All of lore.kernel.org
 help / color / mirror / Atom feed
* IBM test question
@ 2008-02-07 13:49 Matthieu CASTET
  2008-02-07 15:34 ` Sébastien Dugué
  0 siblings, 1 reply; 6+ messages in thread
From: Matthieu CASTET @ 2008-02-07 13:49 UTC (permalink / raw)
  To: linux-rt-users

hi,

I am trying to use some IBM rt test on arm.


I define atomic_add to
assert(i==1);
return ++(v->counter);

That's a bit ugly, but that should work for my need.

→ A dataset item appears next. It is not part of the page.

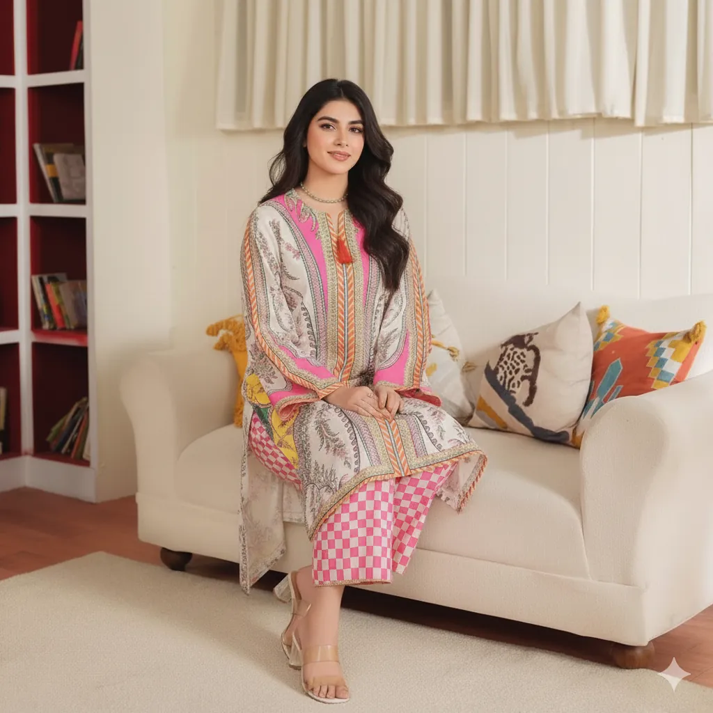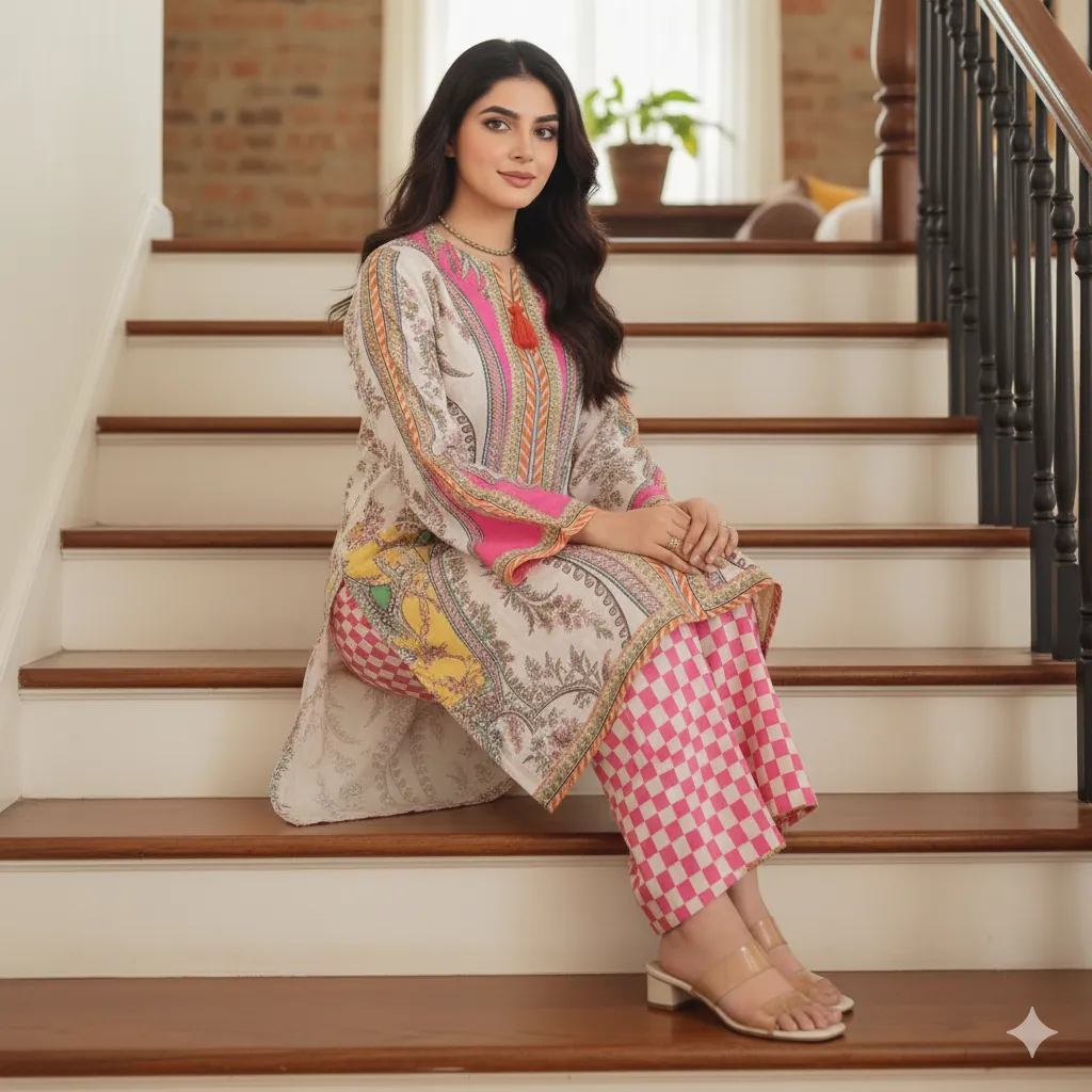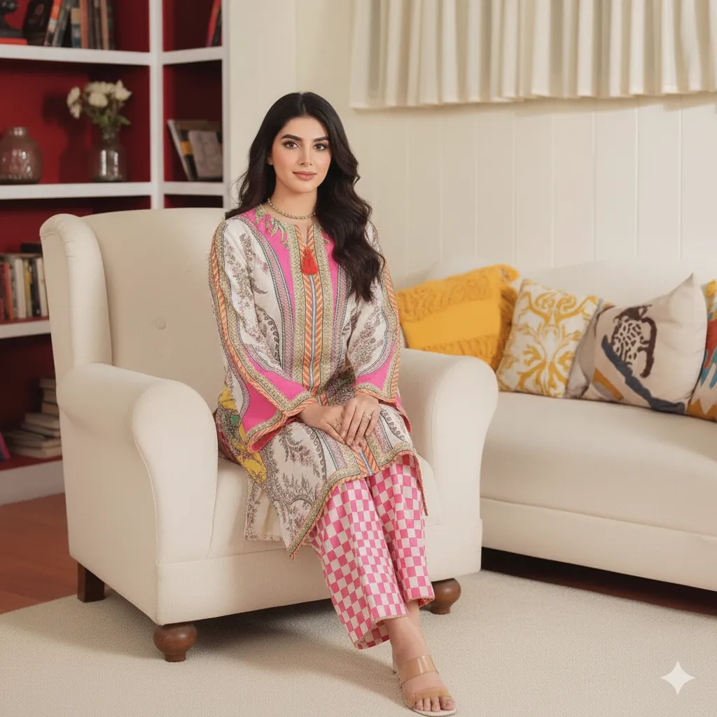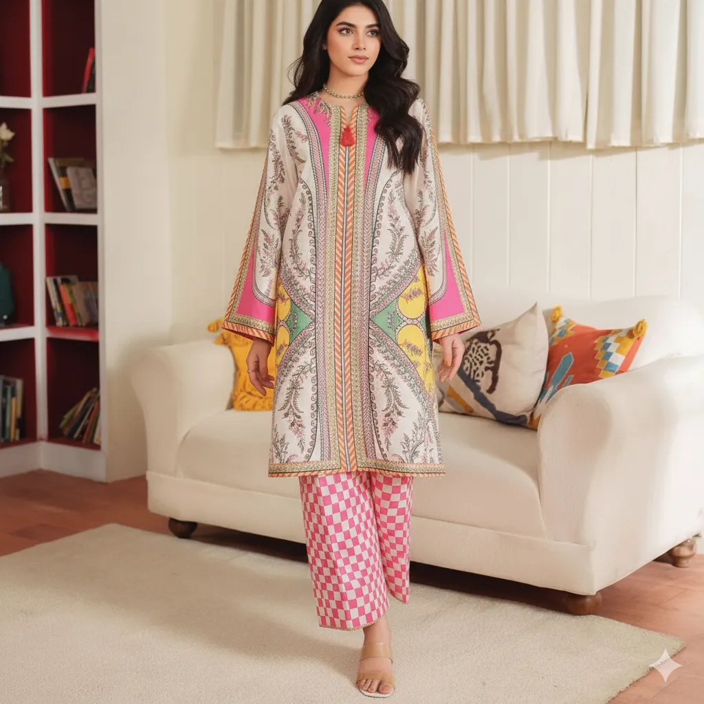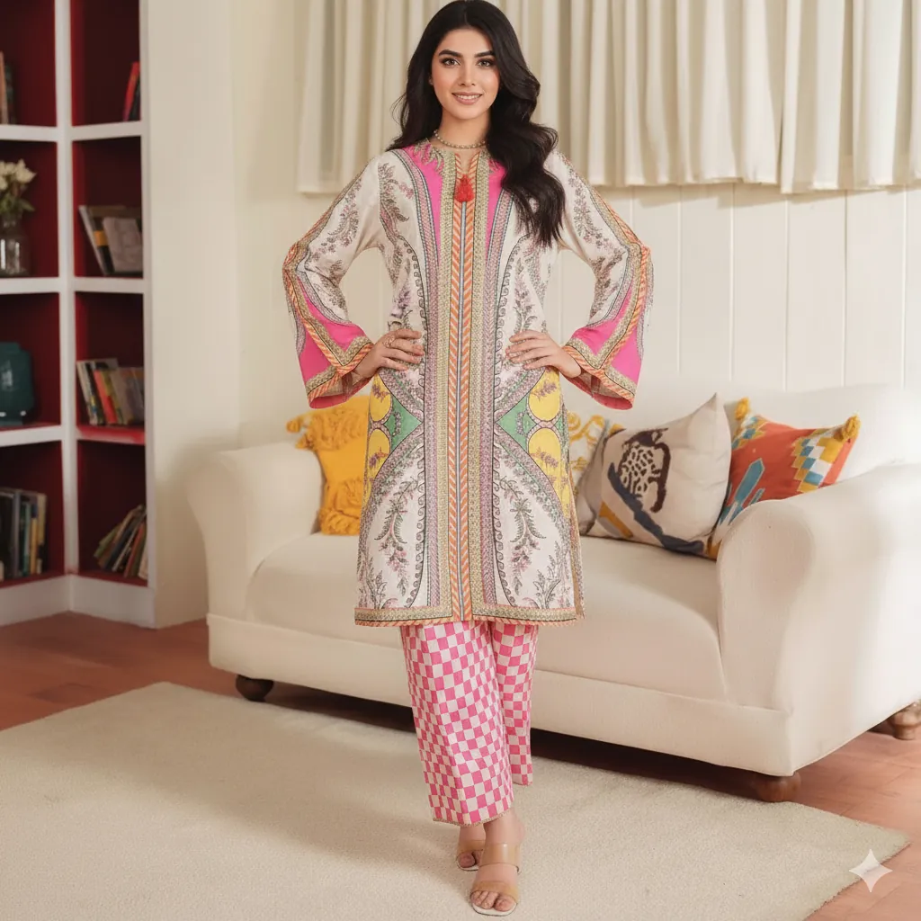 Premium Grip 2PC Stitched Suit: Elegant White & Pink Paisley Print Kurta with Check Trousers.This is a stunning, stitched 2-piece suit, perfect for adding a fresh look to your daily wardrobe. It is made from our best-quality Premium Grip fabric, which is soft, comfortable, and drapes well. The high-quality stitching ensures a neat and polished finish, ready to wear right out of the package.The Kurta design is very attractive. It has a white background with a beautiful paisley print in rich shades of pink, orange, and gold. The sophisticated straight-cut offers a flattering silhouette. The neckline features a small V-cut and is completed with a lovely tassel detail for an elegant touch.The matching straight trousers are simple in cut but have a trendy look, featuring a bold pink and white checkered (check) pattern. This clever mix of the classic paisley and the modern check print makes the suit very stylish and unique.Designed for comfort in a Standard Medium size, this suit provides ample movement while looking put-together. If you are looking for clothing that is comfortable for all-day wear but also polished enough for the office or small functions, this versatile suit is the perfect choice for you. Pair it with simple heels or traditional khussas to complete a fashion-forward ensemble.

But I have a problem with the sched_latency test.
On my platform the thread creation is quite slow (25ms), so with the 
default value, I got a PERIOD MISSED.

I wonder why the test account thread creation time and not compute start 
at the beginning of the thread ?

Also my cpu is quite slow (compared to last intel core or powerpc). For 
example a sched_jitter run take 6s.
Couldn't be some static or runtime configuration to configure the test 
according to the cpu speed ?


Matthieu

^ permalink raw reply	[flat|nested] 6+ messages in thread

* Re: IBM test question
  2008-02-07 13:49 IBM test question Matthieu CASTET
@ 2008-02-07 15:34 ` Sébastien Dugué
  2008-02-07 16:27   ` Matthieu CASTET
  0 siblings, 1 reply; 6+ messages in thread
From: Sébastien Dugué @ 2008-02-07 15:34 UTC (permalink / raw)
  To: Matthieu CASTET; +Cc: linux-rt-users


  Hello Matthieu,

On Thu, 07 Feb 2008 14:49:07 +0100 Matthieu CASTET <matthieu.castet@parrot.com> wrote:

> hi,
> 
> I am trying to use some IBM rt test on arm.
> 
> 
> I define atomic_add to
> assert(i==1);
> return ++(v->counter);
> 
> That's a bit ugly, but that should work for my need.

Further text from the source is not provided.